Surf on Singing Beach 
One cold and overcast November morning, I took my microphones out to Singing Beach, in Manchester, Massachusetts, hoping to record its famous singing sands. Unfortunately, it had rained a few hours before I arrived, leaving the sand too damp to sing.
But, as luck would have it, there was a heavy ocean swell that day: 4- and 5-foot breakers were rolling onto the beach, filling the air with a marvelous and surprisingly steady roar of sound. I stood on shore in dry sand, pointing my shotgun mic towards the area some 25 yards offshore where the waves were breaking.

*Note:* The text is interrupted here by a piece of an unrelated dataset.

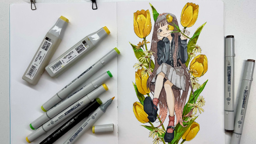 Рисуем Аниме на весеннюю тему. | Видео-урок девочка аниме с тюльпанами

{the red cable snaking out into the surf was for hydrophones used in a different recording}
Listen to the magnificent slowly rising pitch of the “noise” that follows each breaker’s crash, as the tumbling water rolls ashore, breaking into ever-smaller wavelets, ripples, and popping bubbles of foam. It’s a subtle sound, easily missed during a brisk walk along the beach. But stand still, close your eyes, and face out towards the surf and let your ears alight on the enveloping field of sound that washes over you, and you will hear it, too.
It’s a gorgeously rich natural sound, whose physical origin is surprisingly complex (see the Tech Note, below). For us, standing alone on the keen edge of the shore, it’s enough to turn our eyes and ears oceanward, as each wave announces the end of its journey that began days before, unseen, somewhere in the mid-Atlantic. See the falling, curling wall; feel the thump underfoot and the spitting spray; hear the crash of sound and the rising surge of pitch as foam cascades up the shore: In a thousand voices the wave shouts out its name one final time: I was here! Hear me! Hear me!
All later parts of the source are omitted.